Luckily, kimchi and cheese already make a naturally complementary pair. Both these ingredients are made possible by the process of lacto-fermentation, says PBS. Plus, they’re both aged, and their respective flavor profiles have a strong umami taste to reflect it. Crunchy, fibrous kimchi also adds a compelling textural component to a classic grilled cheese sandwich. It’s quite literally a recipe for success.
But check your kimchi’s level of spiciness before you slam a heaping spoonful onto your grilled cheese, says MasterClass. Not all kimchis are created equal, and an ultra-spicy variety might not be as welcome on your sammie. Or, on the flip side, if you want to turn up the heat a notch, the outlet suggests smearing your bread with gochujang.
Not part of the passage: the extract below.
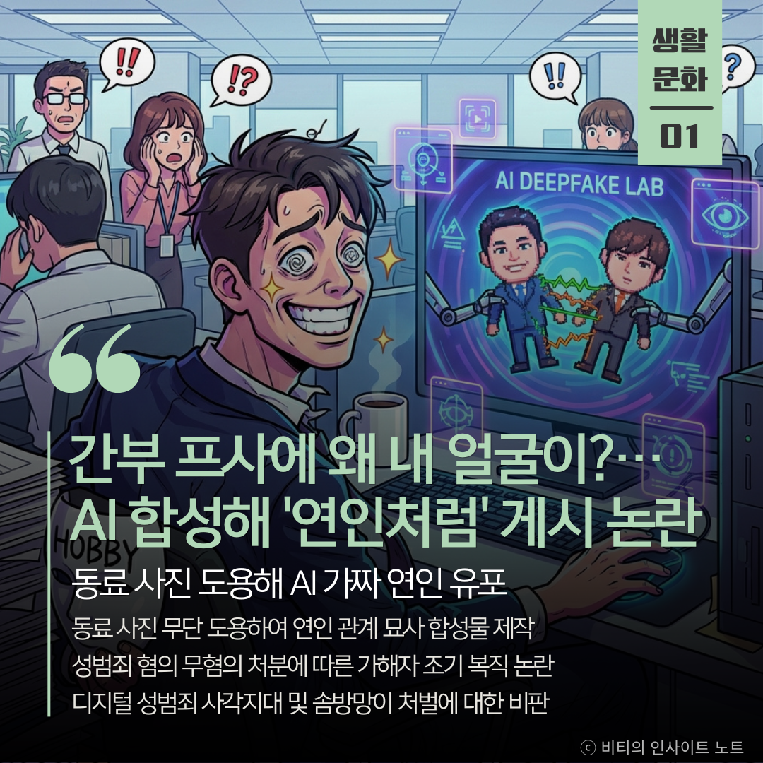 서울 구로구청의 한 공무원이 직장 동료의 사진을 무단으로 사용하여 AI 합성 이미지를 제작하고 SNS에 유포한 사실이 드러났습니다. 가해자 A씨는 구청 조직도에서 동료 B씨의 사진을 내려받아, 두 사람이 다정하게 껴안고 있는 연인 같은 모습의 가짜 사진을 만들었습니다. 심지어 사진에는 피해자의 이름을 연상시키는 문구까지 넣어 오해를 불러일으켰습니다.

Also, make sure your kimchi isn’t too wet by giving it a good press before adding it to the sandwich. Nobody wants soggy grilled cheese.
From there, all that’s left to do is choose your bread and cheese and fry away. MasterClass recommends using sourdough and Gruyere cheese. PBS says plain old white bread will do the trick. The New York Times says mozzarella. This Grilled Kimcheese recipe uses a mix of sharp white cheddar and American cheeses and a smear of mayo to balance the kimchi’s naturally spicy fermented flavor. Ultimately, the kimchi grilled cheese is a choose-your-own-adventure, but with these tips, the final destination is a satisfying bite.